**PROBLEM DESCRIPTION**
Your answer must be the line containing "- Flexible and" and each following line to the end of the listing below, copied exactly, with pictures removed and nothing added.

**RECORDS FOR PROCESSING**
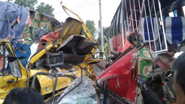 ০১ জুন ২০১৯ইং (দেশপ্রেম রিপোর্ট): ফরিদপুরে বাসের সঙ্গে ট্রাকের মুখোমুখি সংঘর্ষে ট্রাক চালকসহ দুইজন নিহত হয়েছেন। আহত হয়েছেন আরও দুইজন। আহতদের ফরিদপুর মেডিকেল কলেজ হাসপাতালে ভর্তি করা হয়েছে। আজ শনিবার সকালে ফরিদপুরের শহরতলীর পূর্বগঙ্গাবর্দী নামক স্থানে ঢাকা-খুলনা মহাসড়কে এই দুর্ঘটনা ঘটে। ফরিদপুর ফায়ার সার্ভিসের সিনিয়র স্টেশন অফিসার মো. নুরুল আলম বিস্তারিত পড়ুন
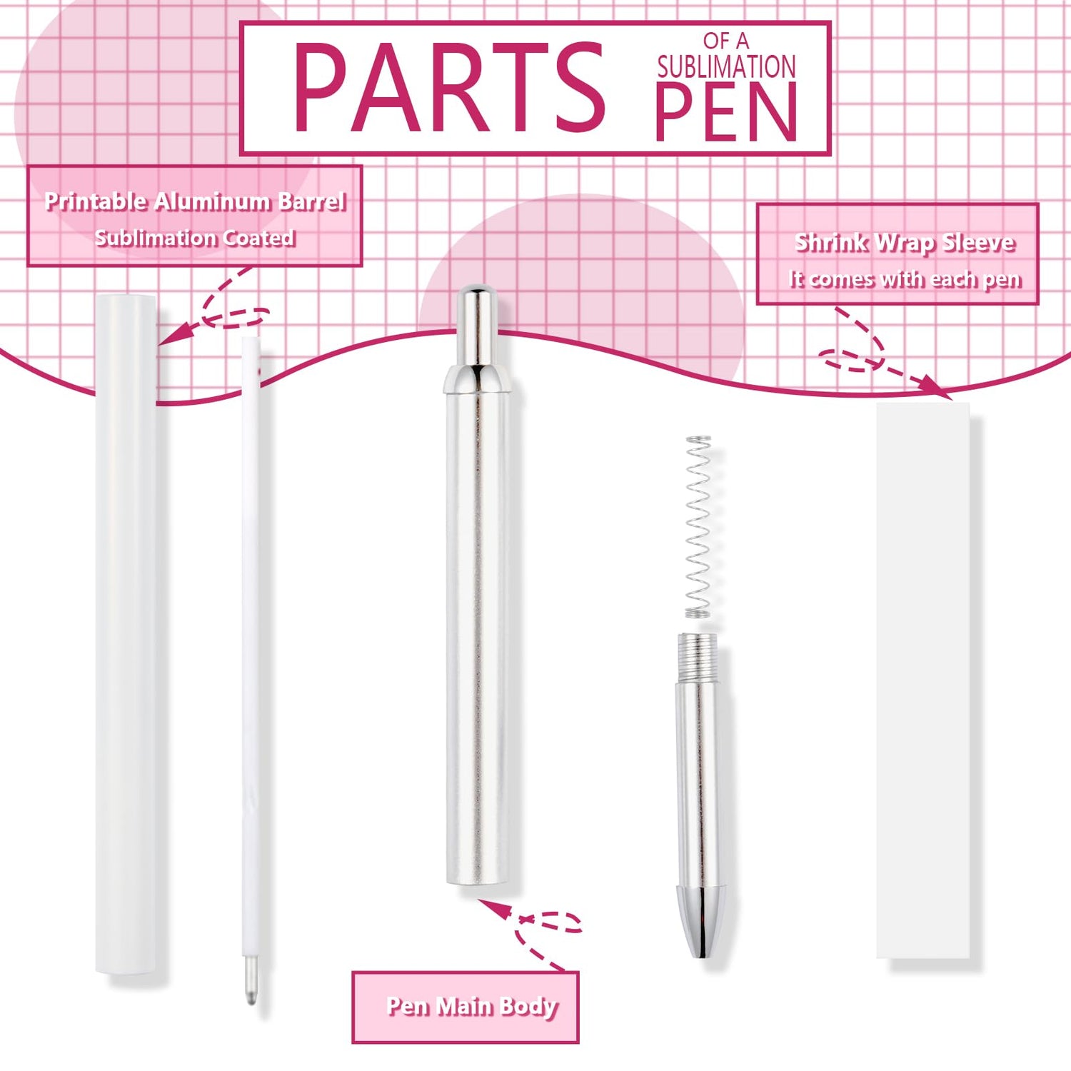 - Flexible and Creative: Unlock endless possibilities with these versatile sublimation pens blanks. The aluminum pen tube with a sublimation-coated surface allows you to effortlessly add personalized designs or labels to your creations, unleashing your creativity in every project.
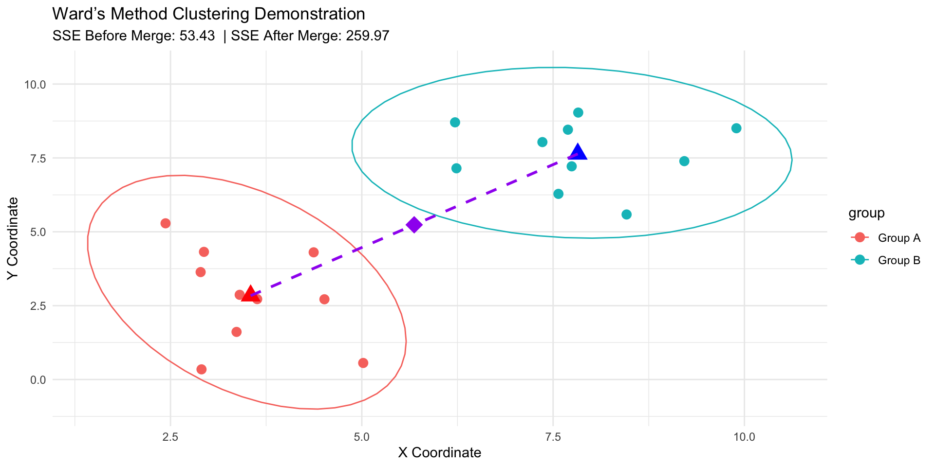 note.innerHTML = `แสดงตัวเลขการคำนวณใน scatter: single/complete → d, average → avg, centroid → ‖cₐ−c_b‖, ward → ΔSSE.`;
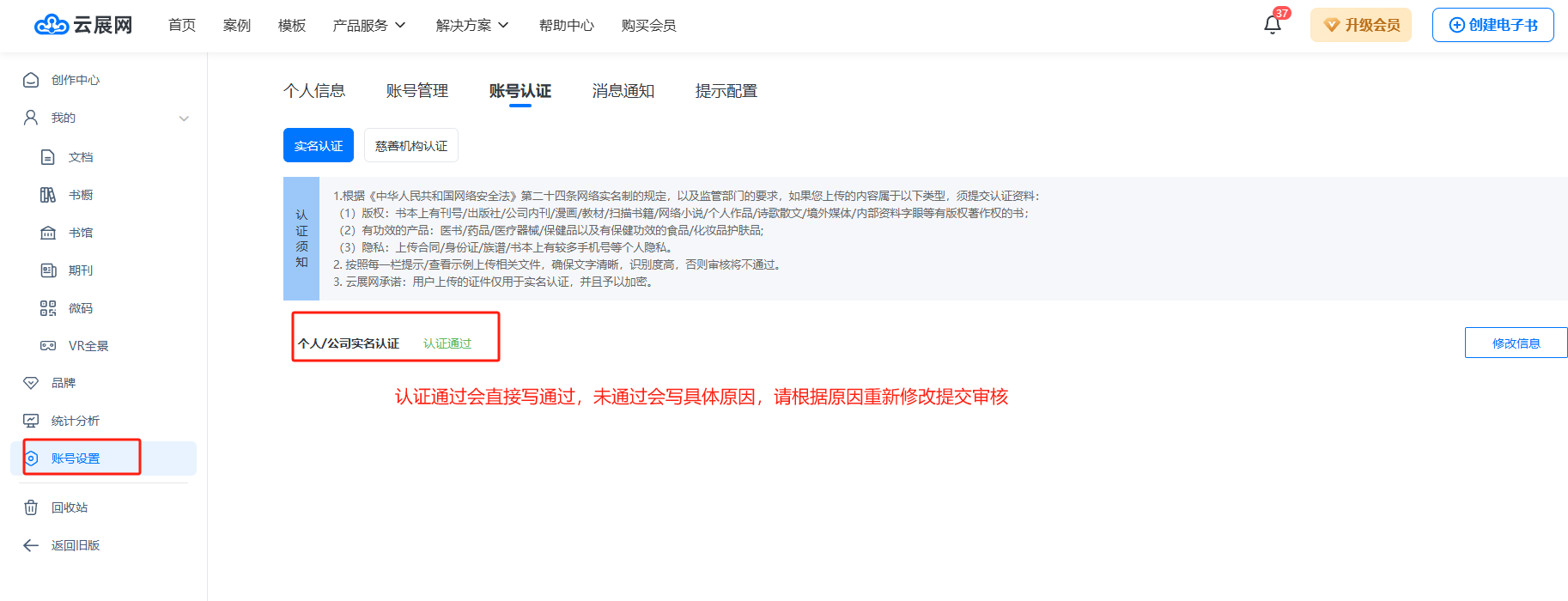 電腦登錄云展網(wǎng)網(wǎng)站,登錄您的賬號(hào),點(diǎn)擊【賬號(hào)設(shè)置】,點(diǎn)擊【賬號(hào)認(rèn)證】打開賬號(hào)認(rèn)證界面
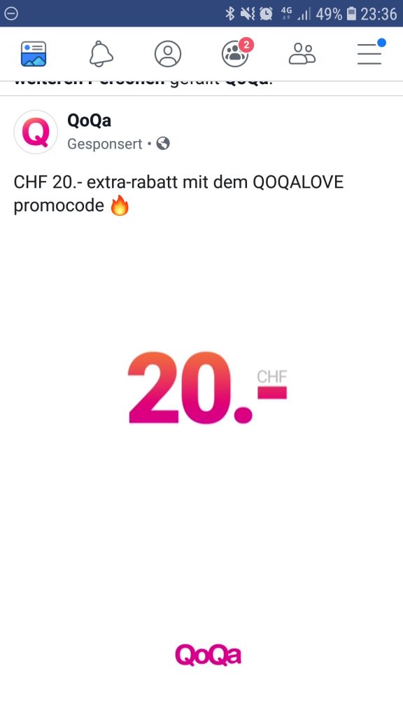 Bei QoQa gibt’s laut Facebook mit dem Code QOQALOVE 20.- Rabatt auf die nächste Bestellung. Leider nicht angegeben ist, ob es einen Mindestbestellwert gibt. Ebenfalls steht leider nirgends, bis wann der Code gilt.
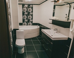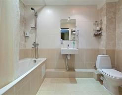 с ванной, тапочки, туалетные принадлежности, фен

**ANSWER SECTION**
 - Flexible and Creative: Unlock endless possibilities with these versatile sublimation pens blanks. The aluminum pen tube with a sublimation-coated surface allows you to effortlessly add personalized designs or labels to your creations, unleashing your creativity in every project.
 note.innerHTML = `แสดงตัวเลขการคำนวณใน scatter: single/complete → d, average → avg, centroid → ‖cₐ−c_b‖, ward → ΔSSE.`;
 電腦登錄云展網(wǎng)網(wǎng)站,登錄您的賬號(hào),點(diǎn)擊【賬號(hào)設(shè)置】,點(diǎn)擊【賬號(hào)認(rèn)證】打開賬號(hào)認(rèn)證界面
 Bei QoQa gibt’s laut Facebook mit dem Code QOQALOVE 20.- Rabatt auf die nächste Bestellung. Leider nicht angegeben ist, ob es einen Mindestbestellwert gibt. Ebenfalls steht leider nirgends, bis wann der Code gilt.
 с ванной, тапочки, туалетные принадлежности, фен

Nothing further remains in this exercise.